For decades China has been Burma’s third-largest trading partner and provides the regime with extensive military and economic aid. PetroChina is investing heavily to build a major gas pipeline from the A-1 Shwe oil field off the coast of Burma’s Rakhine State to Yunnan. This pipeline would make it possible for China to bypass the traditional route of the Strait of Malacca to import oil from the Middle East.
The new route alone will save China 746 miles of transport once it’s finished, and it offers Beijing a strategically less risky channel than the Malacca Strait – much safer transport for the huge supply of oil and gas necessary to sustain China’s roaring development. Now a 1,200-mile-long high-speed railway connecting Yangon and Kunming is in the works and due to start construction within days.
Chinese influence is big here – and there are fears it may be growing too big. When I met local Burmese and told them that I am Chinese, their reactions were: “Chinese? Rich!” and “Chinese? What kind of business are you doing here?”
That’s why it’s not hard to understand China’s response to Myanmar’s election last November, saying that the government “maintains internal social stability and the election successfully served the fundamental interests of the Burmese people.” The rest of the world criticized the election as cheating and unfair.
But Suu Kyi may be surprised to learn that recently released WikiLeaks U.S. State Department cables suggest China may actually be fed up with Myanmar's foot-dragging on reforms, facing pressure from possible political turmoil that could hurt China's economic interests.
I had to ask her what she thought about Chinese dissident Liu Xiaobo winning the Nobel Peace Prize, just as she had. “I’d tell him, stick to your beliefs!” she said. Then he added with a smile, “I have to admit I had never heard his name before he won the prize. But I do feel a person to person connection, because when I won the prize in 1991, I wasn’t allowed to go [to the ceremony in Oslo] either.”

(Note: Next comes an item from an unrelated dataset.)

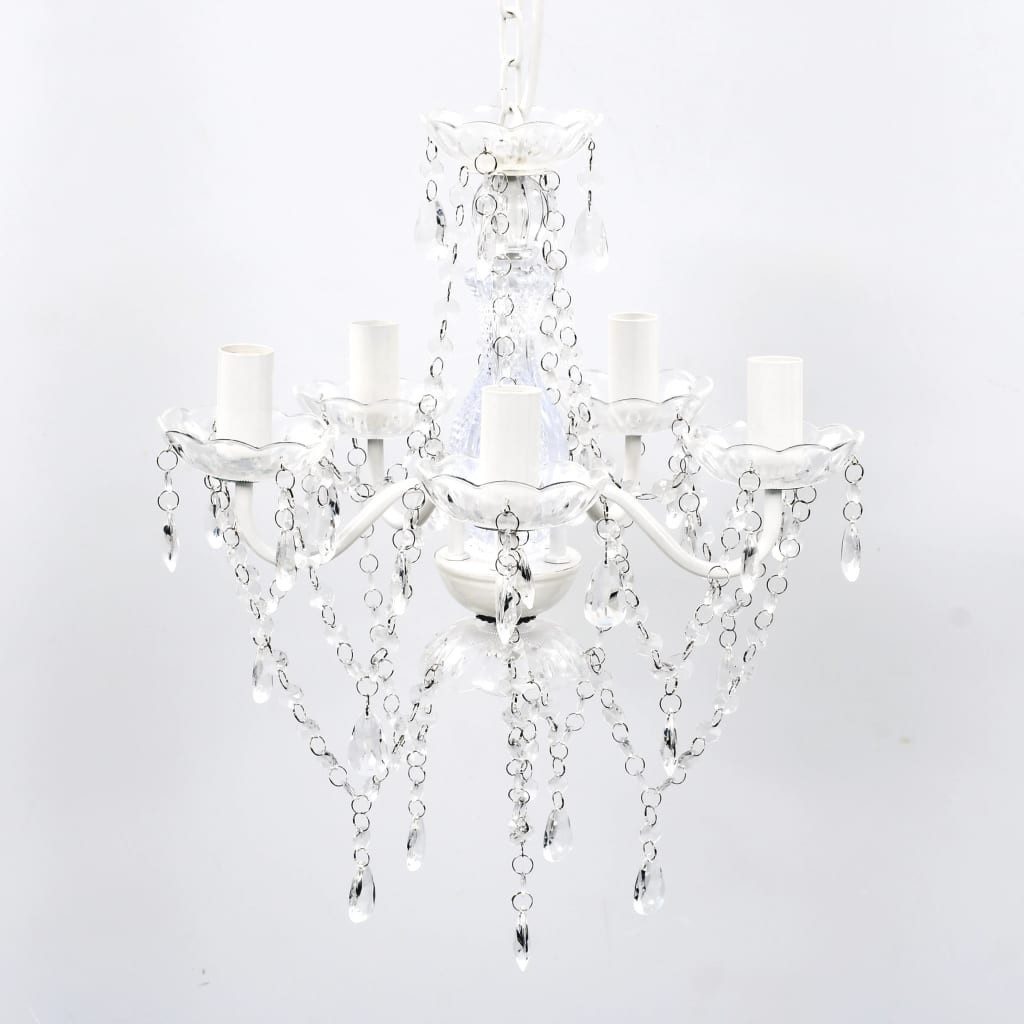 Dieser Lüster ha wunderschön verarbeiteten Kristalle und Acrylarme, Wandlampen und Perlen. Du kannst sowohl Glühbirnen als auch LED-Leuchtmittel verwenden.

We even made fun of the China’s own “Confucius Peace Prize,” she joked about how it was too confusing and then offered us more tea and rice crackers.
I told her downtown Yangon greatly reminded me of my childhood in China, when people could sell everything in the street 20 years ago, and she opened her eyes wide. “So you are saying Burma is like China 20 years ago? Ah I didn’t realize we are so behind now!”
As she finally walked out of the door, she turned back to me and said again: “Tell your government…” then she stopped and smiled. That smile reminded me of what a taxi driver told me as I explored the city earlier, “I love Aung San Suu Kyi. She’s my mother. She’s so graceful because she’s always smiling.”
Due to restrictions on journalists in Myanmar, msnbc.com is not identifying the author of this post.